_WHAT THIS TASK INVOLVES_
Please write out exactly the lines of the data below from the line holding "自洁过程:含尘空气经过滤后,尘埃被吸附在高效过滤筒上,由 PLC 按设定时间顺序进行反吹自洁过程,当阻损值超过" through the line holding "Γούρι Χριστουγεννιάτικο 2024, από", and leave out the rest.

(RECORDED DATA Opens)

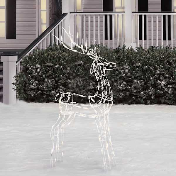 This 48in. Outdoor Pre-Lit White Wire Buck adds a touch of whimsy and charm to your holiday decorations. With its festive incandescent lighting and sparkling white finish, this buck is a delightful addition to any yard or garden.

(RECORDED DATA Closes)
(RECORDED DATA Opens)

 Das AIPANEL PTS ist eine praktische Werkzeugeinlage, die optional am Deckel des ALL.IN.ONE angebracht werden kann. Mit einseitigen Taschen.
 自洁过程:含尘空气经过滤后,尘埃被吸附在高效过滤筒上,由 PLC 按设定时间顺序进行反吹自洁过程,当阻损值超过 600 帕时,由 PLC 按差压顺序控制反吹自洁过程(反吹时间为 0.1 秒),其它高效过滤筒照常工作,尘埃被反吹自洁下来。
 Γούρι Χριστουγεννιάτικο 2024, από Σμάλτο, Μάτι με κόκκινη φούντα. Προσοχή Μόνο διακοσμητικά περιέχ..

(RECORDED DATA Closes)

_ANSWER SECTION_
 自洁过程:含尘空气经过滤后,尘埃被吸附在高效过滤筒上,由 PLC 按设定时间顺序进行反吹自洁过程,当阻损值超过 600 帕时,由 PLC 按差压顺序控制反吹自洁过程(反吹时间为 0.1 秒),其它高效过滤筒照常工作,尘埃被反吹自洁下来。
 Γούρι Χριστουγεννιάτικο 2024, από Σμάλτο, Μάτι με κόκκινη φούντα. Προσοχή Μόνο διακοσμητικά περιέχ..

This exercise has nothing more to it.